On Fri, 20 Mar 2009, Pravir Chandra wrote:

> In fact, I'd be willing to be that for just about every software
> security problem we've dealt, I could give you a design/spec level
> solution that would prevent it in general (and make auditing and so
> forth incredibly streamlined).

I don't think I disagree, and I've started getting interested in the
design-level choices that make implementation bugs easier to make.
(examples: HTML mixes data/control in the same stream and therefore you
have XSS; OSes mix data/control within programs and thus buffer overflows
in data can execute code; HTTP is stateless and URLs are transportable,
thus you have CSRF; OSes allow the same file object to have multiple
names, thus you have path traversal and symlink attacks; strcpy() and its
ilk don't accept length parameters and are thus easy to abuse, and
besides, C doesn't enforce boundaries for memory accesses; etc.)

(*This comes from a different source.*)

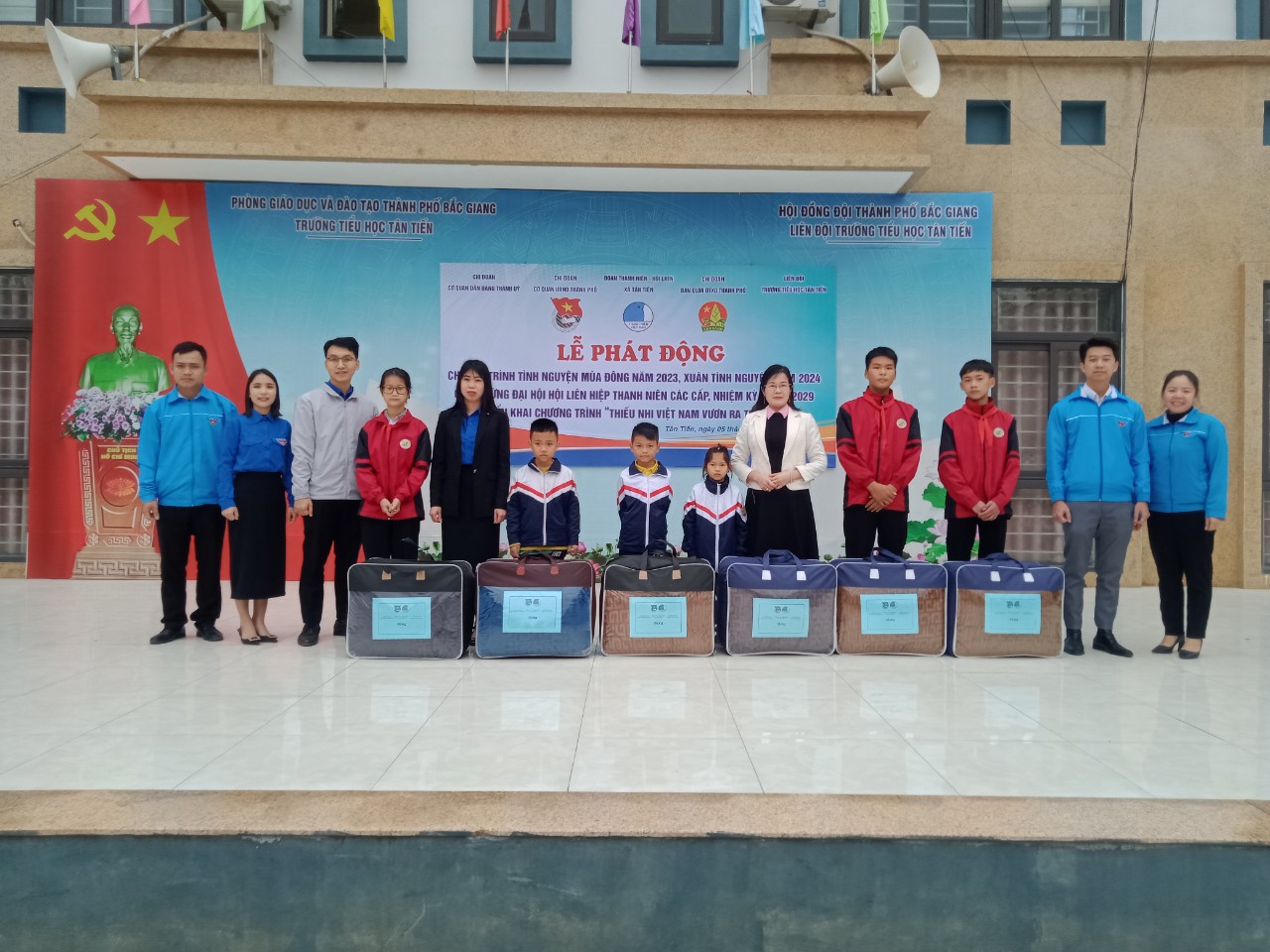 Chào đón một mùa đông đầy ấm áp, yêu thương cùng với hương xuân tươi mới. Sáng ngày 05 tháng 01 năm 2024, Trường Tiểu học Tân Tiến long trọng tổ chức Lễ phát động Chương trình “Tình nguyện mùa Đông 2023 và Xuân tình nguyện năm 2024”. Nhằm phát huy tinh thần tương thân tương ái của cán bộ, hội viên, thanh niên chung sức giúp đỡ thanh thiếu nhi và đồng bào khó khăn, góp phần đảm bảo an sinh xã hội, xây dựng tổ chức Hội Liên hiệp thanh niên xã nhà ngày càng vững mạnh và lập thành tích chào mừng Đại hội Hội Liên hiệp thanh niên Việt Nam các cấp, nhiệm kỳ 2024 - 2029.

Seven Pernicious Kingdoms defined the "API Abuse" category, which I
thought was a recognition of a pretty deep problem.  We've expanded on it
a bit in CWE, although there's lots of room for growth (see CWE-227 and
its children under the CWE-1000 research view).

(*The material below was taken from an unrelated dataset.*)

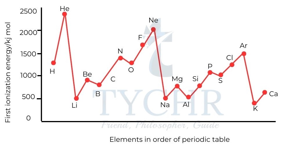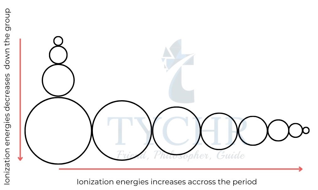 - The ionic radii decrease from Groups 1 to 14 for the positive ions. The ions Na+, Mg2+, Al3+, and Si4+ all have the same electron configuration (1s22s22p6).

Two areas that don't seem to immediately lend themselves to design/spec
level solutions are (1) transitive trust and (2) interaction errors
between multiple components that are all working correctly.  I'd love to
hear from people who've had to solve these problems in the real world.
Based on what I see in CVE, it seems that the answer for item 2 is usually
for one component to choose to conform to another's expectations, and that
conforming component isn't always the one that "should" be changed.